In [1]:

```
import pandas as pd
import numpy as np
import matplotlib
import matplotlib.pyplot as plt
import seaborn as sns
import random
sns.set()
from jupyterthemes import jtplot
# jtplot.style()
jtplot.style('grade3',
context='paper',
fscale=1.5,
ticks=True,
grid=False)
# jtplot.figsize(x=15., y=9.,aspect=1.2)
%matplotlib inline
```

The first thing we should do at the very beginning of any data analysis is to get a feel for the data.
Questions on the following lines should be asked,

- Do the columns make sense?
- Do the values make sense?
- Are there any missing values?
- Are there any outliers? If yes, what's their story?
- Which variables are strongly correlated?

In [2]:

```
df = pd.read_csv("HR_comma_sep.csv")
```

In [3]:

```
df.head()
```

Out[3]:

In [4]:

```
df.describe()
```

Out[4]:

In [5]:

```
df.info()
```

In [6]:

```
# let's clean up the data
df.rename(columns={'sales':'department'},inplace=True)
df_n = pd.get_dummies(df,columns=['department','salary'])
```

In [7]:

```
df_n.head()
```

Out[7]:

So, no missing values in this dataset.

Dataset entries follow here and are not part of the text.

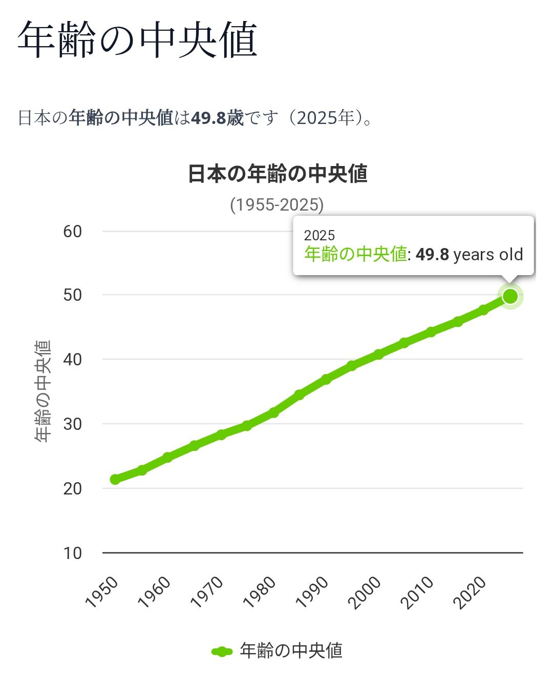日本の年齢中央値、50歳www
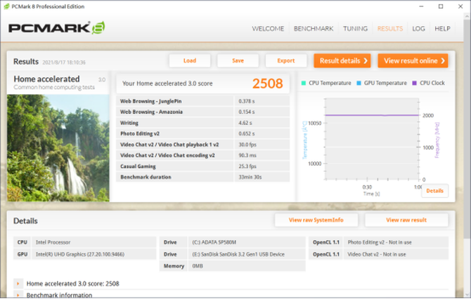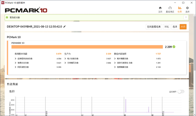 PCMARK是一款测试整机综合性能的软件,在测试过程中,攀升MaxBook P2表现稳定,在PCMARK8家庭性能测试环节中,我们可以看到,攀升MaxBook P2的得分为2508,能够轻松应对视频会议,高清影片播放等应用,而在PCMARK10中,攀升MaxBook P2的整体得分为2209,性能和一般的商用办公机相差无几,基本能够满足日常使用的性能要求。
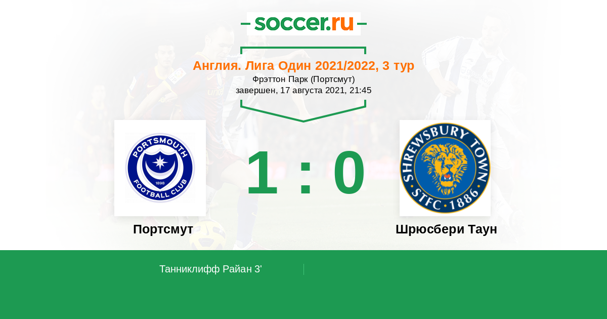 Англия. Первая Футбольная Лига 12.09.2020 Портсмут Логотип футбольный клуб Портсмут 0:0 Логотип футбольный клуб Шрюсбери Таун Шрюсбери Таун
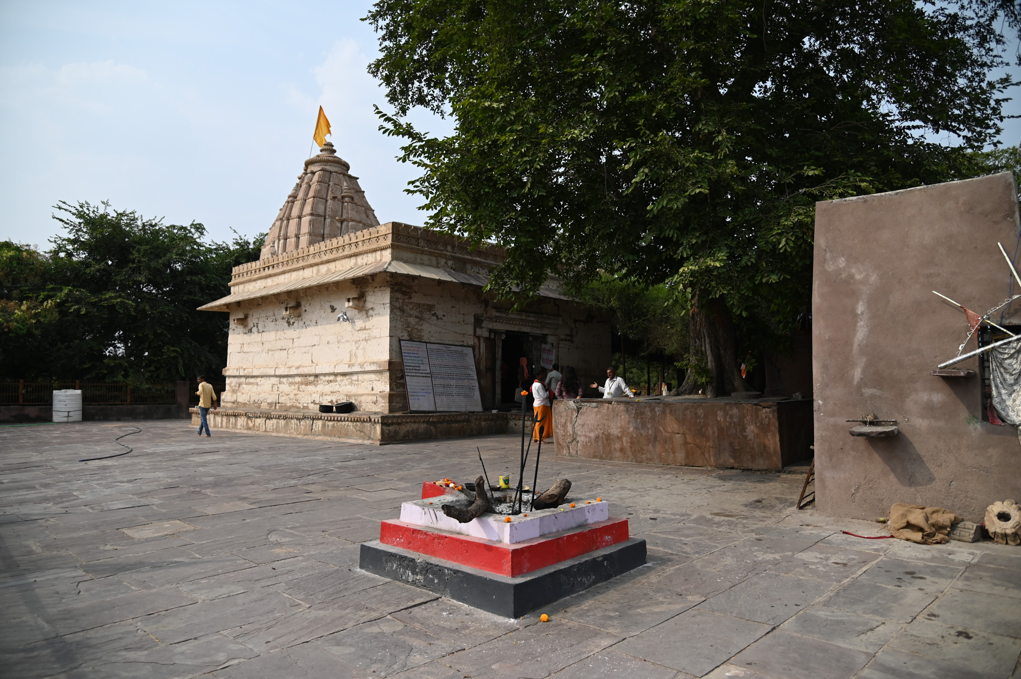 Southeast view of the mulaprasada (main temple). Comprising a mandapa (hall), antarala (vestibule or antechamber), and a garbhagriha (sanctum sanctorum) on its plan, the temple has a simple elevation with minimal decoration. Outside the main temple, there is a yajnakund for performing yajna and havan (fire rituals).

Let's move on to understanding the correlation between various features.

** Correlation **

In [8]:

```
corr_mat = df_n.corr()
```

In [9]:

```
# Set up the matplotlib figure
f, ax = plt.subplots(figsize=(15, 10));
# Draw the heatmap using seaborn
sns.heatmap(corr_mat, square=True, ax=ax);
```

A couple of interesting observations.

- The taget variable "left" is negatively correlated with "satisfaction level" which makes sense because employees are more likely to leave if they are not satisfied with their work.
- Management department is positively correlated with high salary and promotions in last 5 years

In [10]:

```
df.head()
```

Out[10]:

**How does satisfaction level vary among employees who left?**

From the plot, it seems that employees who left are less satisfied on an average.

In [11]:

```
plt.figure(figsize=(10,6))
sns.boxplot(x='left',y='satisfaction_level',data=df);
```

**Does having more number of projects have any impact on employee churn?**

From the plots, it seems that people who churn (1) generally tend to have more projects than people who stay (0). From the Boxplot/CDF we can see that, ~50% of churners have 4 or more projects.

In [12]:

```
fig,axarr = plt.subplots(ncols=2,figsize=(12,6))
# plt.figure(figsize=(10,6))
sns.boxplot(x='left',y='number_project',data=df,ax=axarr[0]);
sns.kdeplot(df[df.left==0].number_project,label=0,cumulative=True,ax=axarr[1]);
sns.kdeplot(df[df.left==1].number_project,label=1,cumulative=True,ax=axarr[1]);
axarr[0].set_ylabel("Number of projects")
axarr[1].set_ylabel("CDF")
axarr[1].set_xlabel("Number of projects");
```

** Does staying in the company for a long time make the employees more vulnerable to churn? **

In [69]:

```
left_over_years = pd.crosstab(df.time_spend_company,df.left,margins=True,normalize='index')
left_over_years = left_over_years[left_over_years.index!='All']
left_over_years = left_over_years.round(2)
left_over_years.head()
```

Out[69]:

In [68]:

```
fig, ax = plt.subplots(figsize=(10,6))
_ = left_over_years.plot(kind='bar',ax=ax)
_ = plt.xlabel("number of years at the company")
_ = plt.ylabel("% of employees")
_ = plt.title("Distribution of employees after n-years")
```

It's seen that employees start churning after completing 3 years at the company. There's an upward trend from year-3 onwards till year-5. Almost 57% of people who completed 5 years at the company churn. Then we see a downward trend after year 6. People who has spent 7 years or more are unlikely to churn.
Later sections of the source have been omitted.